News graph aggregator

The News Hunter platform harvests texts in real time from online news and social media. Each text is lifted semantically into a small knowledge graph that represents the text item (for example a tweet or an RSS article) itself along with the people, places, organisations etc it mentions. Sometimes these texts report the same events, which means that the smaller knowledge graphs that represent each of them should be merged into a larger event graph. The assignment is to develop a software tool that inputs a stream of small news graphs and identifies groups of graphs that may represent the same or closely related events, for example because they mention the same people, places or organisations around the same time. The tool shall then merge related graphs into larger single graphs that it outputs. We will give you access to a stream of news graphs you can use as input. It is a bonus if the tool offers a Fast API interface and runs in a Docker.

Example data:

(After you unzip the last file, you get a tar-archive that you must unpack to get the files.)

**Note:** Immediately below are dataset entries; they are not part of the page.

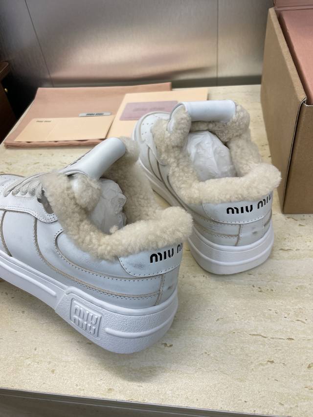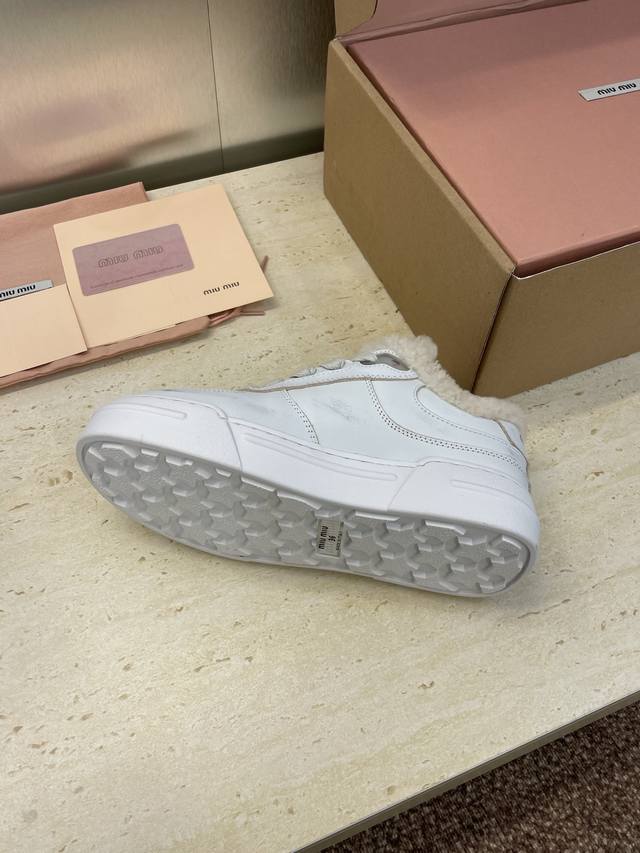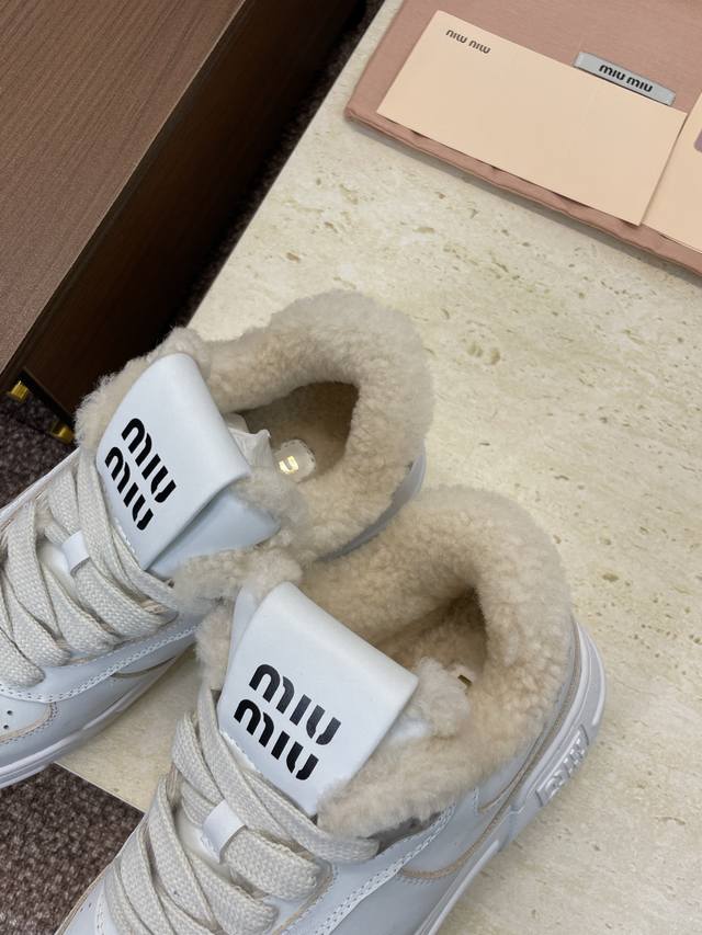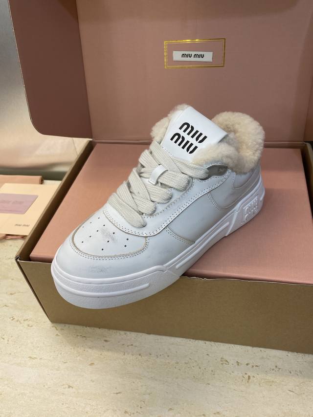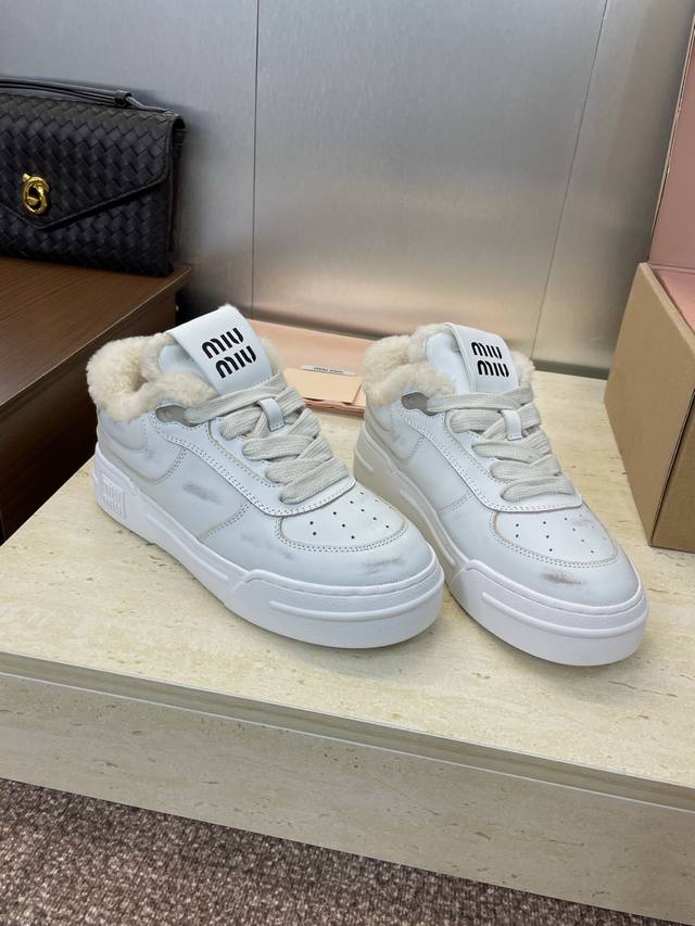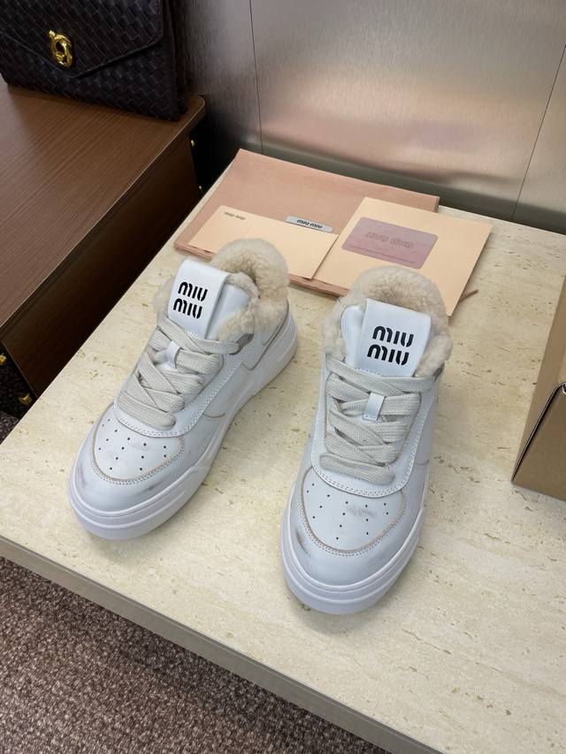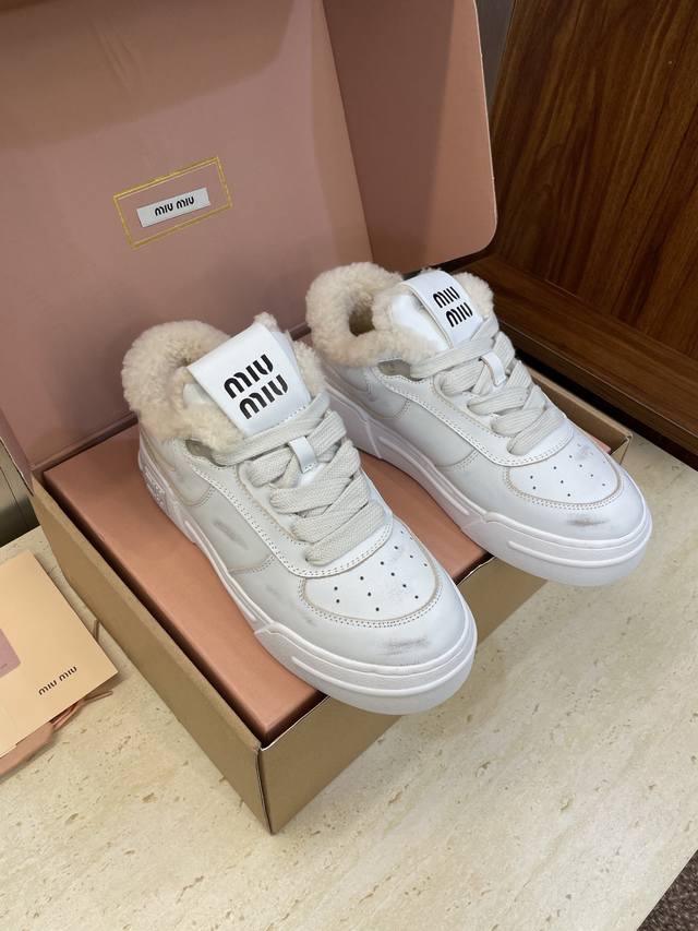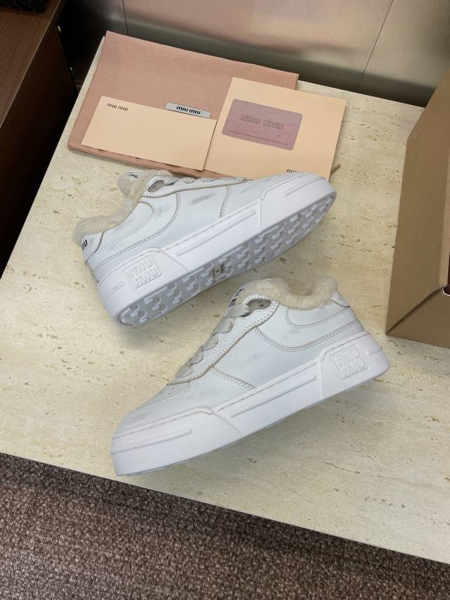 工厂P价P Miumiu 2025秋冬新款系列走秀新款系带休闲运动小白鞋 缪缪明星同款字母Logo厚底圆头擦色做旧防寒保暖羊羔毛滑板女鞋 材质:鞋面进口小牛皮+100%羊羔毛内里+原版开模大底 Size:35-41 40.41定制不退换
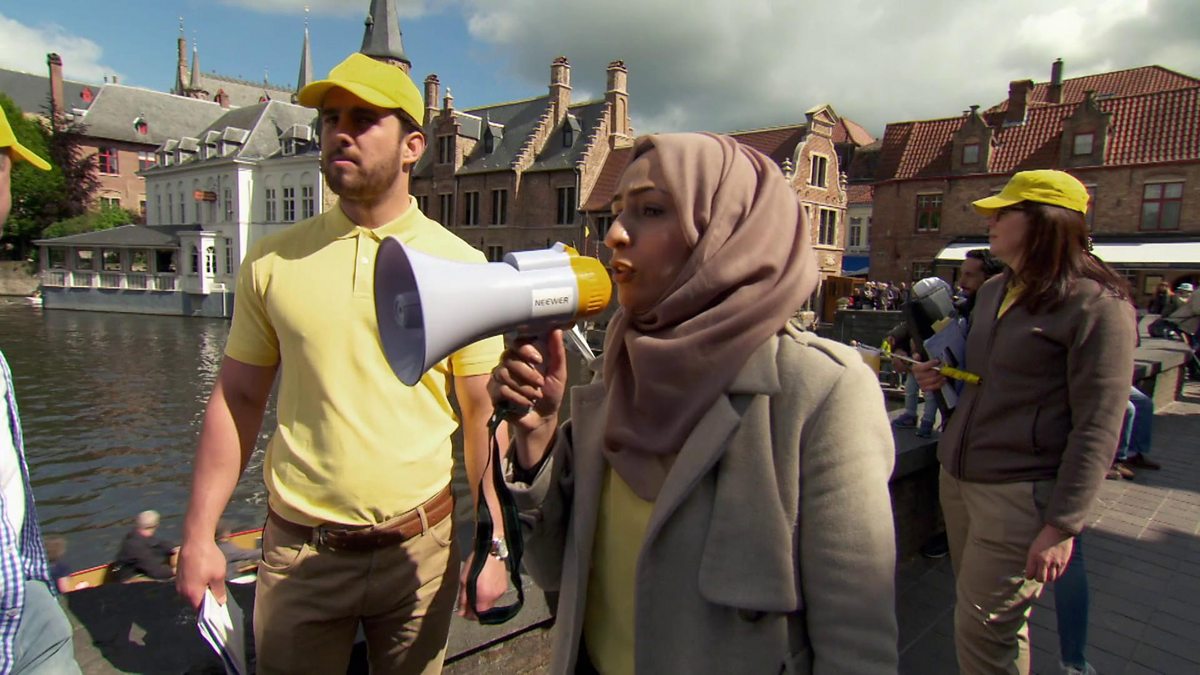 Liz fails to impress Claude as she herds tourists through Bruges.
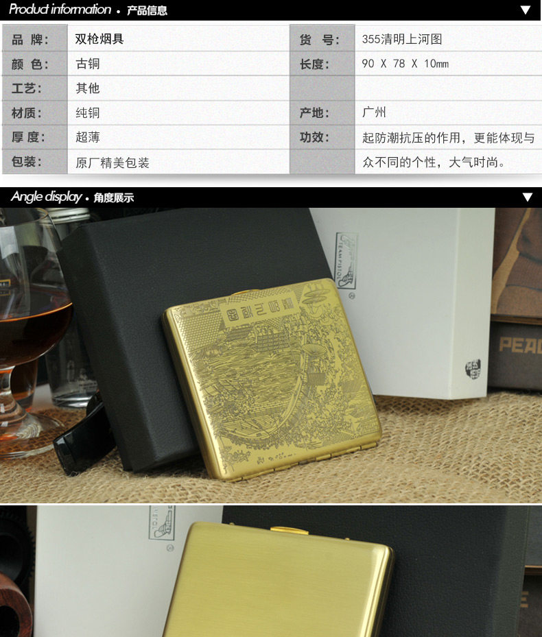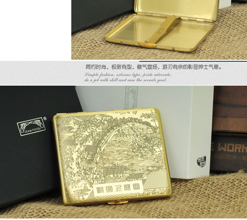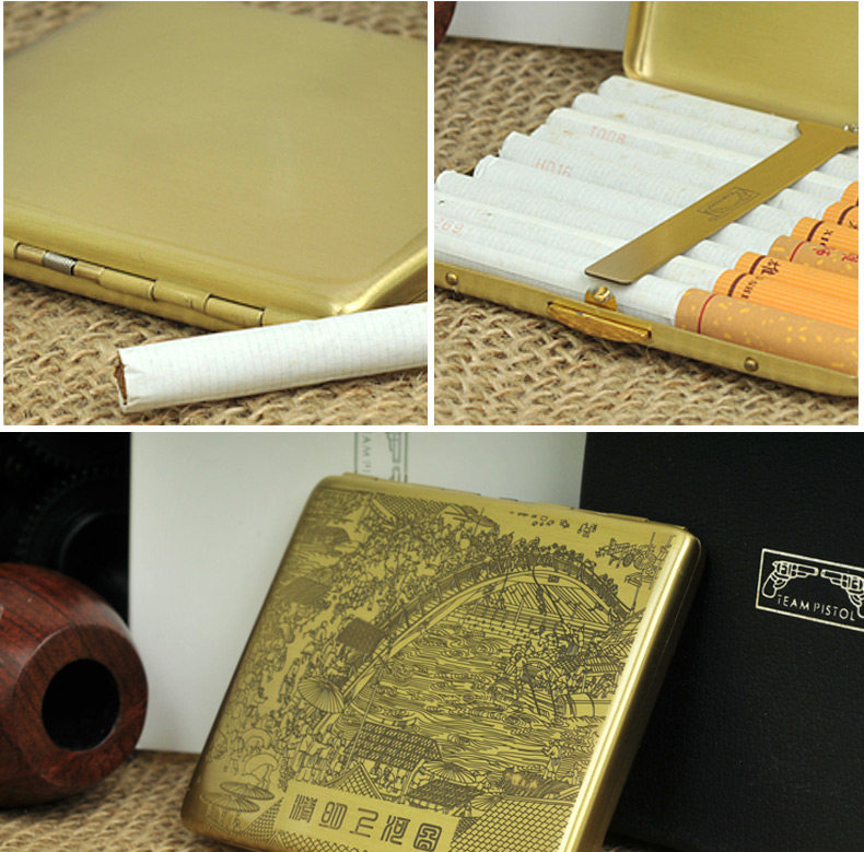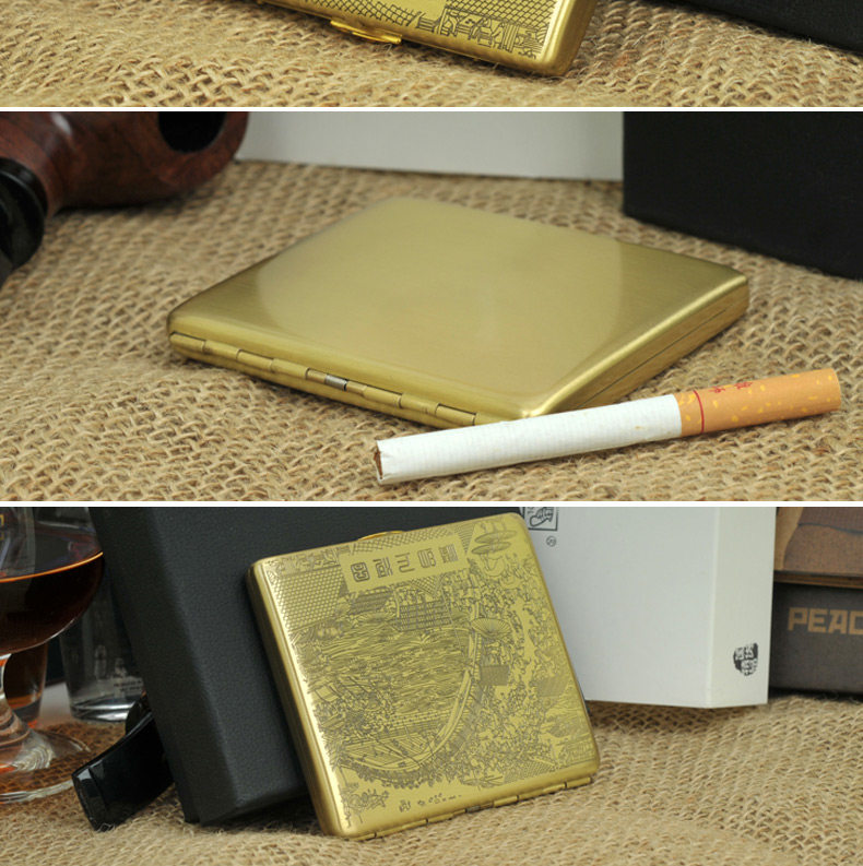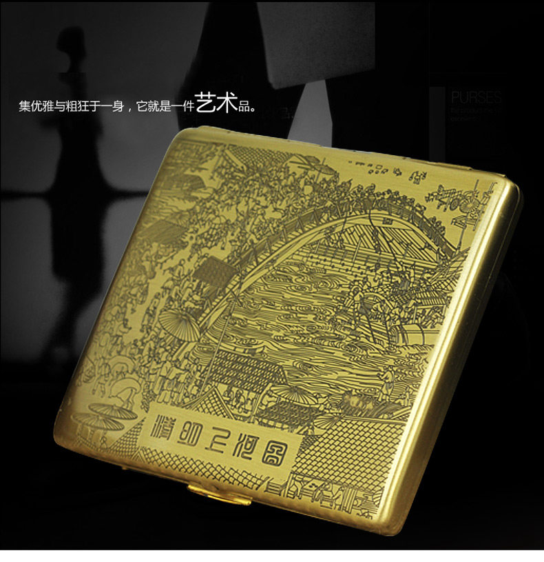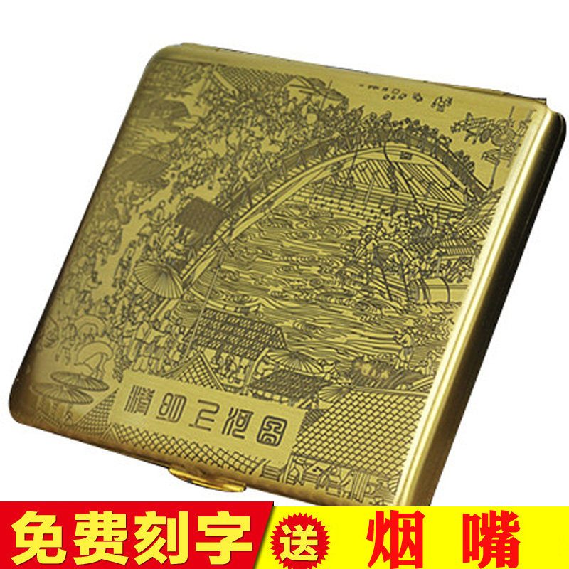 Двухногенная сигаретная коробка медная металлическая сигаретная коробка Qingming Shanghe Tu 9 подлинный дым с сигаретами сигарет сигареты портативные сигареты
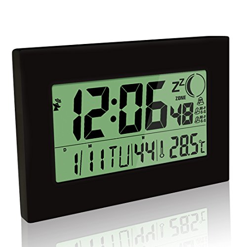 HeQiao HD Large LCD Home Kitchen Decor Digital Alarm Clock for Seniors Modern attractive 12/24 hour bold letter non-glare oversized battery operated Grandfather clock for Memory Loss Dementia Alzheimer Unique elegant trendy Digital large face decorative Wall Clocks for Home Office Classroom living dining room bathroom Classic silver simple antique giant atomic non ticking desk clock day week month date temperature snooze rectangular Travel Alarm Clocks for Indoor Outdoor Contemporary stylish quiet vintage novelty wall hanging free standing rustic country house LCD Temp digits projection Clock with seconds Unusual Silent bright big number easy view table clock crystal-clear temp display children kids Room Decor Clock for visually impaired

Each file name starts with a time stamp. For example '20200929T120002-003bd40e-c4da-401d-8e7e-0645e80fcf9d.ttl' is from 2020-09-29, two seconds after 12:00. Hence, sorting the files by name also sorts them chronologically. The time stamp is also available from each graph using the nhterm:sourceDateTime property.

EventKG enricher

EventKG is a big knowledge graph of events represented in RDF. It connects each event with the people, places, organisations etc it involves. The assigment is to enrich a subset of EventKG with additional information taken from reference sources such as Wikidata, DBpedia, GeoNames, ConceptNet, YAGO3, YAGO4 etc. The assignment will deliver a software tool that inputs small knowledge graphs from EventKG, each of them representing an even, and that outputs larger, enriched knowledge graphs with related information from the chosen sources. We will provide access to EventKG and some relevant reference sources. It is a bonus if the tool offers a Fast API interface and runs in a Docker.

A SPARQL endpoint for EventKG is locally available at http://nelson.uib.no/bg-eventkg (remember to "Use" the right namespace!). This paper explains EventKG a little more, including the ontology used: https://link.springer.com/chapter/10.1007/978-3-319-93417-4_18.

ConceptNet and YAGO3 are also locally available at http://nelson.uib.no/bg-conceptnet and http://nelson.uib.no/bg-yago3.